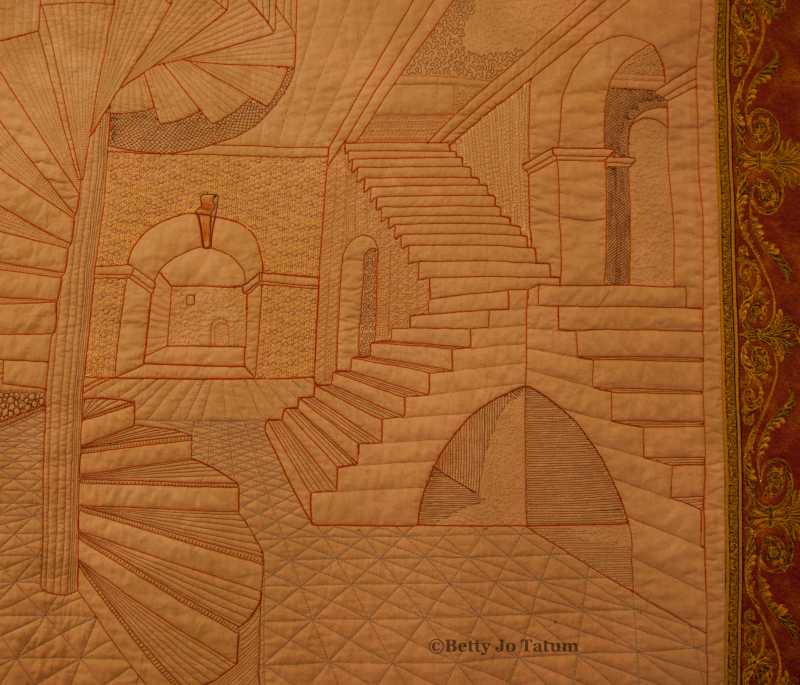 Kathy, You can do a huge amount with straight stitching and rows of decorative stitching. I used free motion on some of this, but not much. Even the shadow under the stairs are rows and rows of straight stitching. I used four different thread weights. This quilt is currently touring with 2014's Tactical Architecture that began in Houston. I suggest using either a dual feed, if you have it, or a walking foot on straight stitch quilting. But such stitching really must have good, solid marking. I really have found that nothing beats Crayola Washables, but, as I said, you DO have to wash or soak it off.
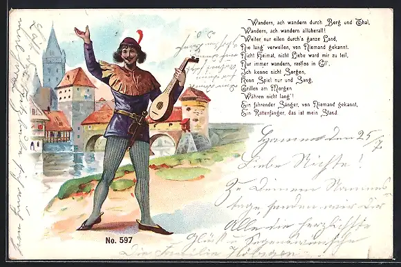 Lithographie Hameln, Rattenfänger von Hameln am Stadtrand
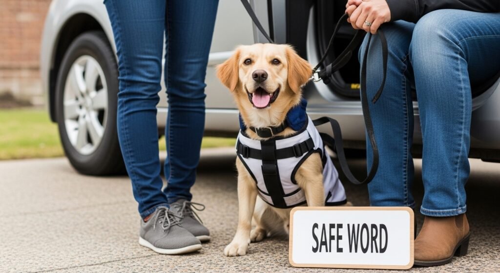 The word functions as a familiar safe word when people return from a car ride or enter their home. The dog needs to learn the word through this method because experts recommend this approach for training.
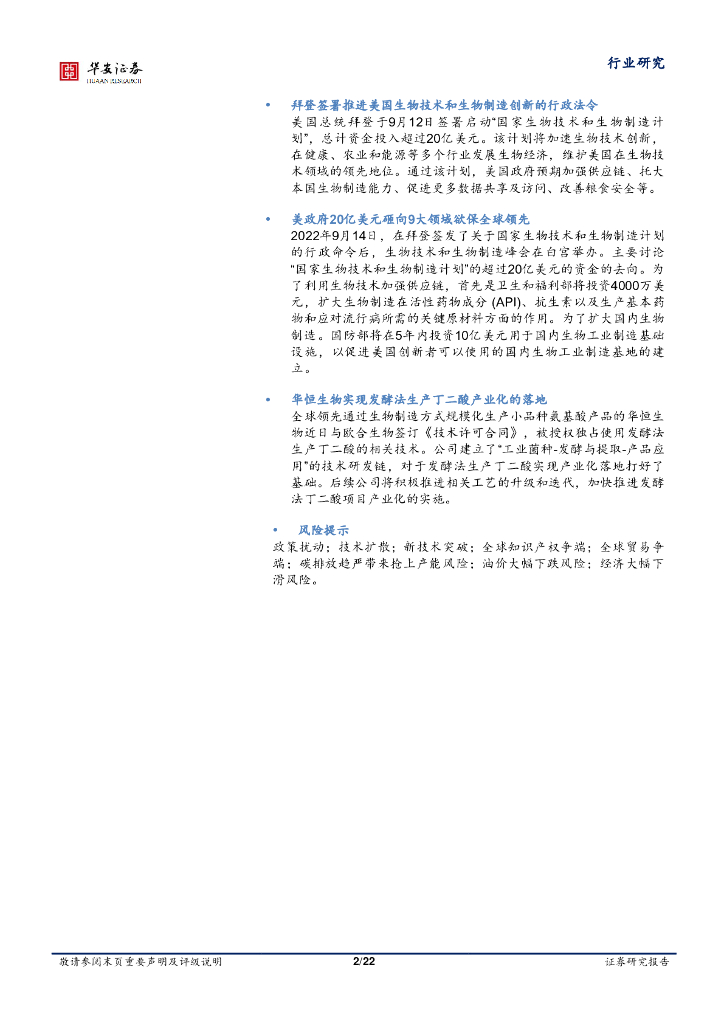 华安证券:合成生物学周报:拜登签署生物制造新政令,生物法丁二酸产业化提速.pdf
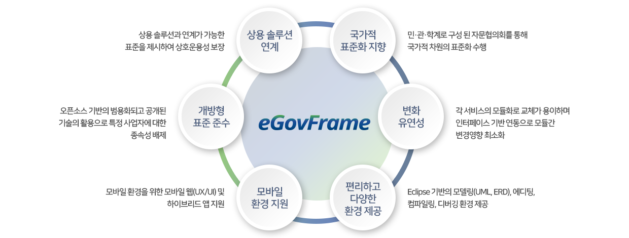 - 공공정보화 개발 기반을 표준화하여 사업자 종속성을 탈피하고, 소프트웨어 재사용성 등을 높이기 위해 전자정부 표준프레임워크를 개발하여 보급
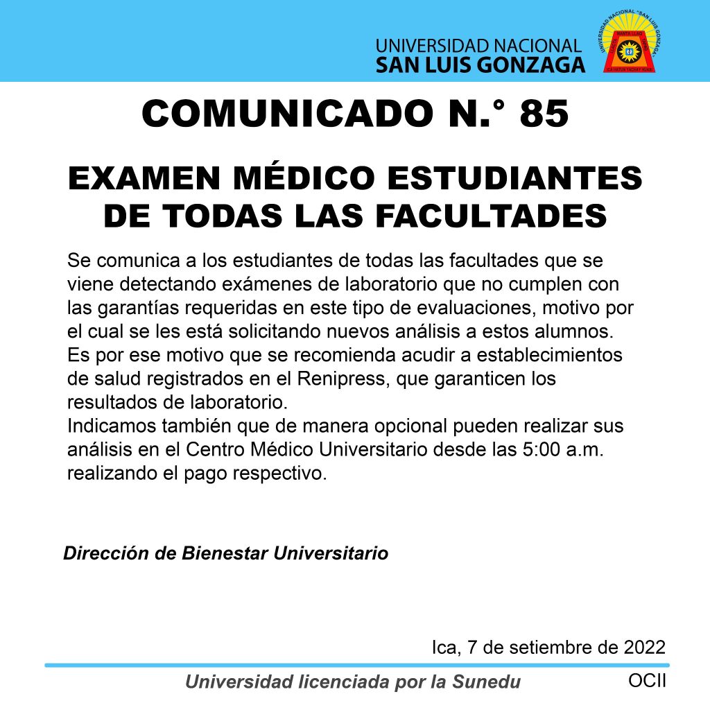 #NotaDePrensa | Bienestar Universitario. Se recomienda acudir a establecimientos de salud registrados en el Renipress, que garanticen los resultados de laboratorio. Indicamos también que de manera opcional pueden realizar sus análisis en el Centro Médico Universitario desde las 5:00 a.m. realizando el pago respectivo.
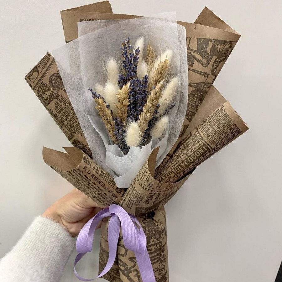 На фото букет из лаванды и колосьев. В составе: лаванда 3 шт, колосья 4 шт, крафт-бумага 1 шт, атласная лента 1 шт, . Все цветы свежие и ароматные, букет красиво оформлен и отлично подходит для подарка. Доступна доставка цветов или самовывоз.
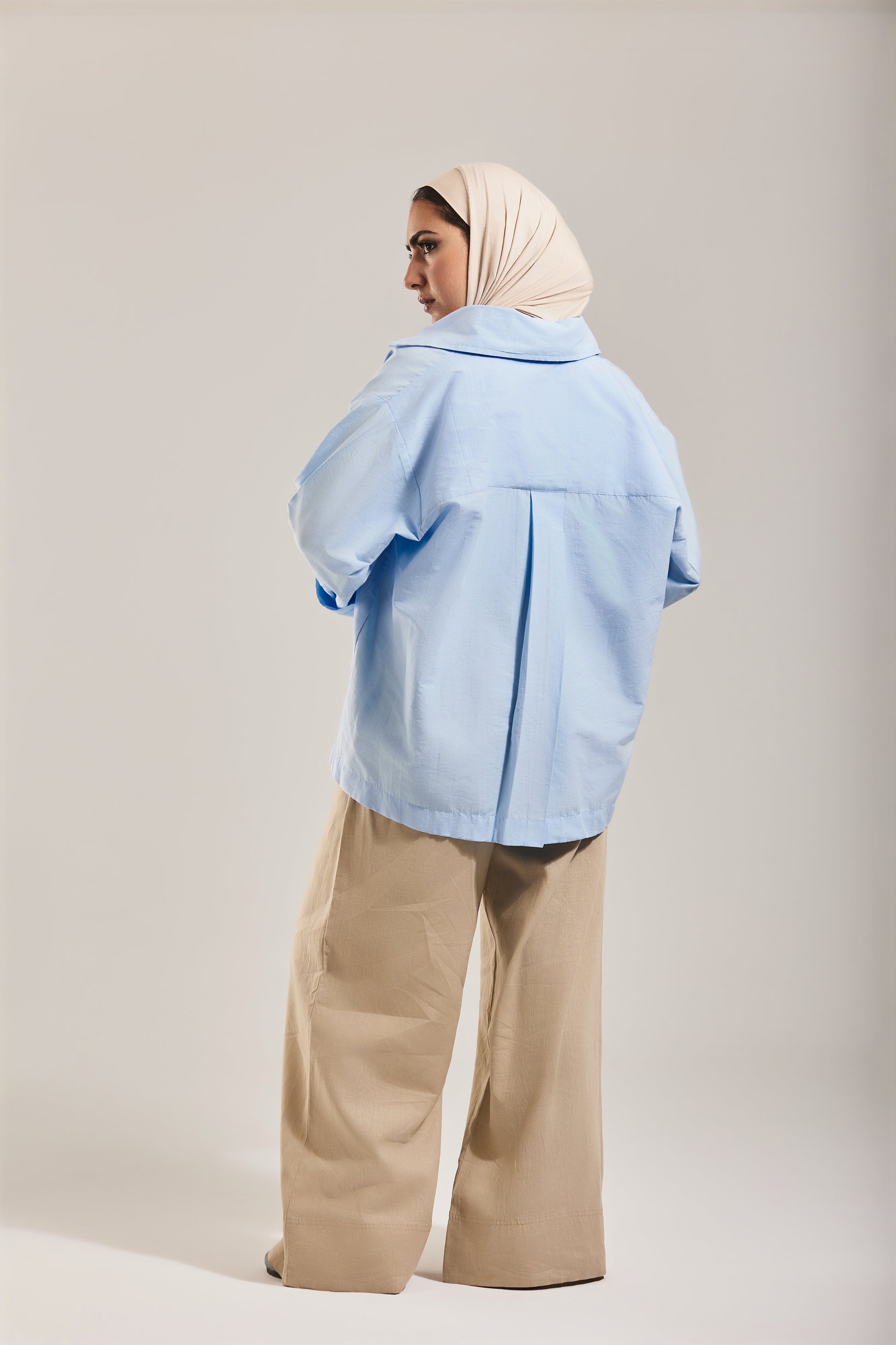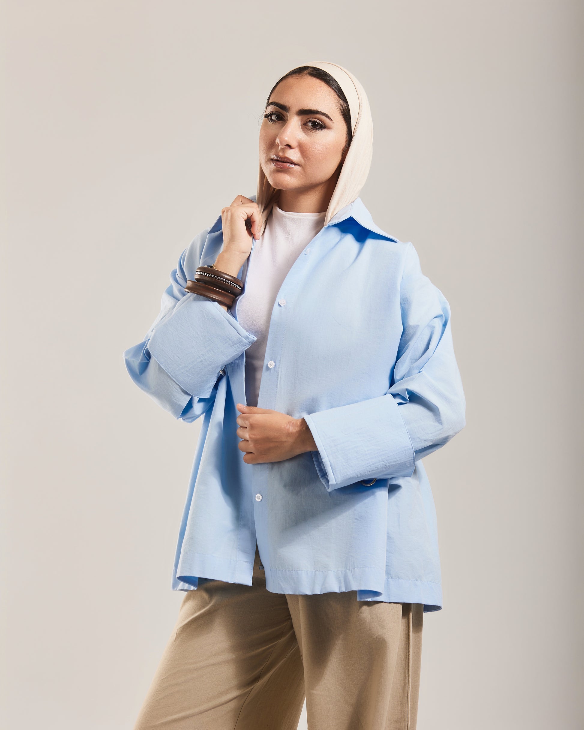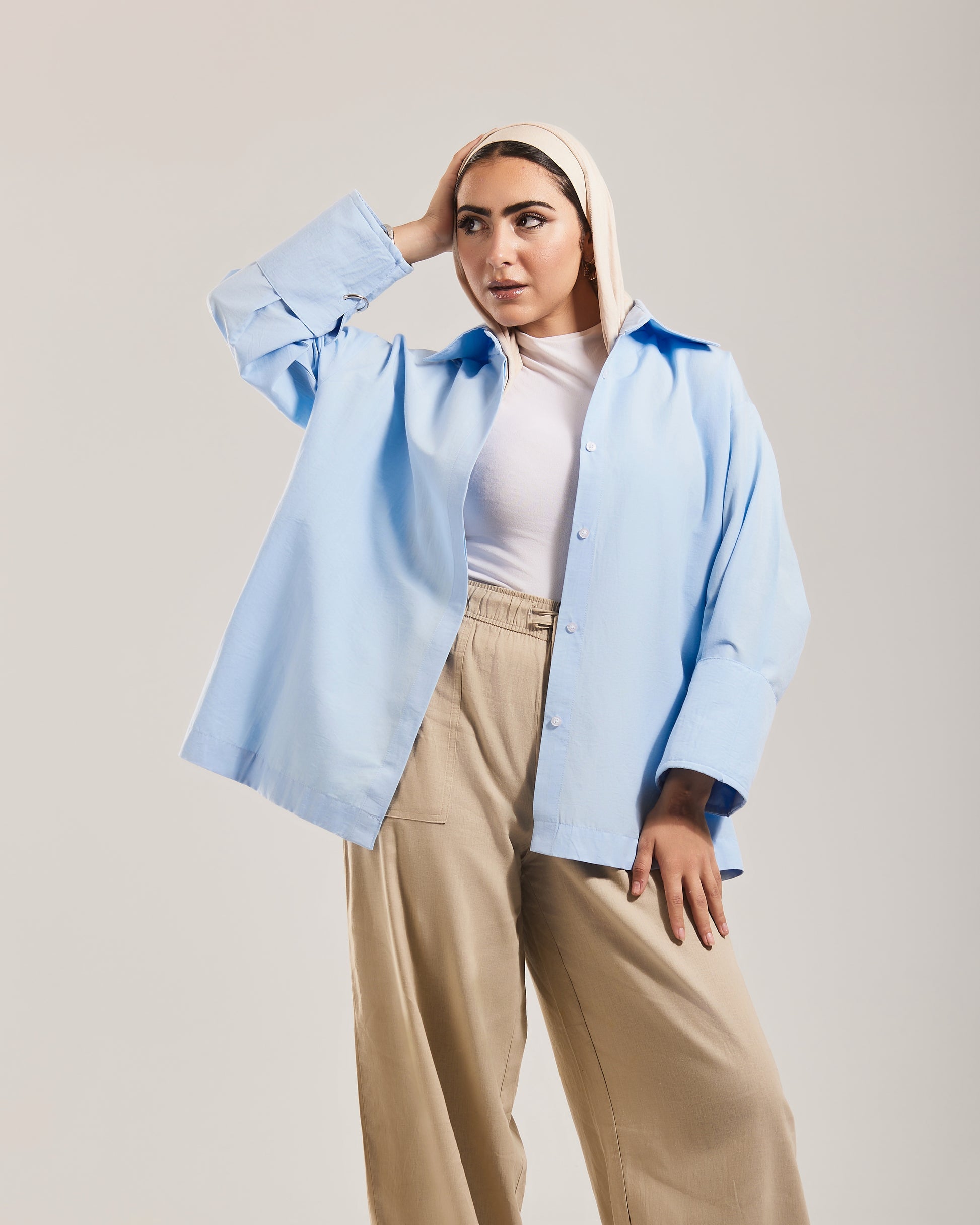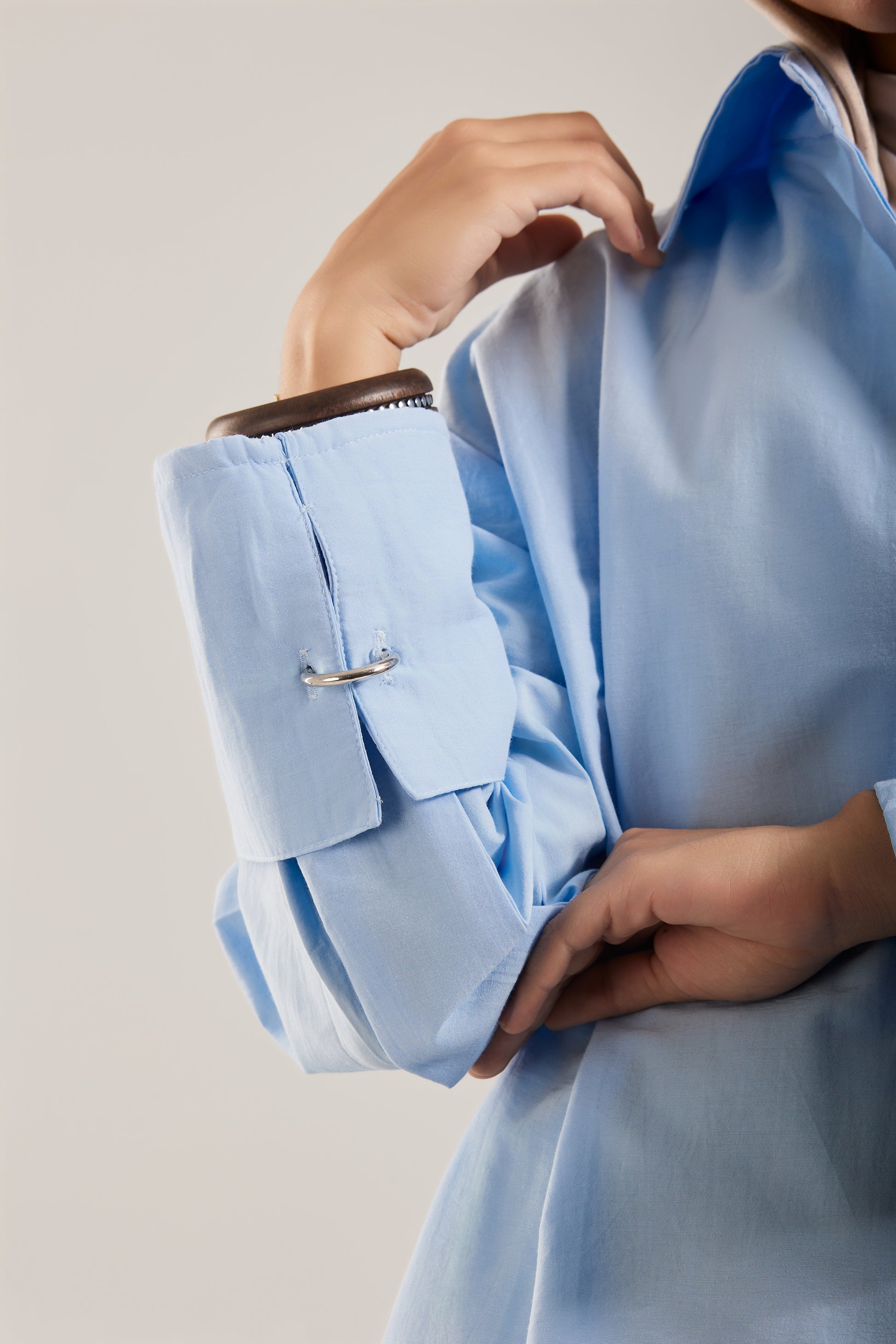 Our baby blue oversized shirt is the perfect addition to your wardrobe. Made with high-quality poplin material, it is soft and comfortable for everyday use. The ring detail at the end of the sleeve adds an elegant touch to this versatile shirt, available in both s/m and l/xl sizes.

· · ·

• [EXERCISE]
Output the entries above verbatim, with no picture included.

• [TASK RESULT]
 Kathy, You can do a huge amount with straight stitching and rows of decorative stitching. I used free motion on some of this, but not much. Even the shadow under the stairs are rows and rows of straight stitching. I used four different thread weights. This quilt is currently touring with 2014's Tactical Architecture that began in Houston. I suggest using either a dual feed, if you have it, or a walking foot on straight stitch quilting. But such stitching really must have good, solid marking. I really have found that nothing beats Crayola Washables, but, as I said, you DO have to wash or soak it off.
 Lithographie Hameln, Rattenfänger von Hameln am Stadtrand
 The word functions as a familiar safe word when people return from a car ride or enter their home. The dog needs to learn the word through this method because experts recommend this approach for training.
 华安证券:合成生物学周报:拜登签署生物制造新政令,生物法丁二酸产业化提速.pdf
 - 공공정보화 개발 기반을 표준화하여 사업자 종속성을 탈피하고, 소프트웨어 재사용성 등을 높이기 위해 전자정부 표준프레임워크를 개발하여 보급
 #NotaDePrensa | Bienestar Universitario. Se recomienda acudir a establecimientos de salud registrados en el Renipress, que garanticen los resultados de laboratorio. Indicamos también que de manera opcional pueden realizar sus análisis en el Centro Médico Universitario desde las 5:00 a.m. realizando el pago respectivo.
 На фото букет из лаванды и колосьев. В составе: лаванда 3 шт, колосья 4 шт, крафт-бумага 1 шт, атласная лента 1 шт, . Все цветы свежие и ароматные, букет красиво оформлен и отлично подходит для подарка. Доступна доставка цветов или самовывоз.
 Our baby blue oversized shirt is the perfect addition to your wardrobe. Made with high-quality poplin material, it is soft and comfortable for everyday use. The ring detail at the end of the sleeve adds an elegant touch to this versatile shirt, available in both s/m and l/xl sizes.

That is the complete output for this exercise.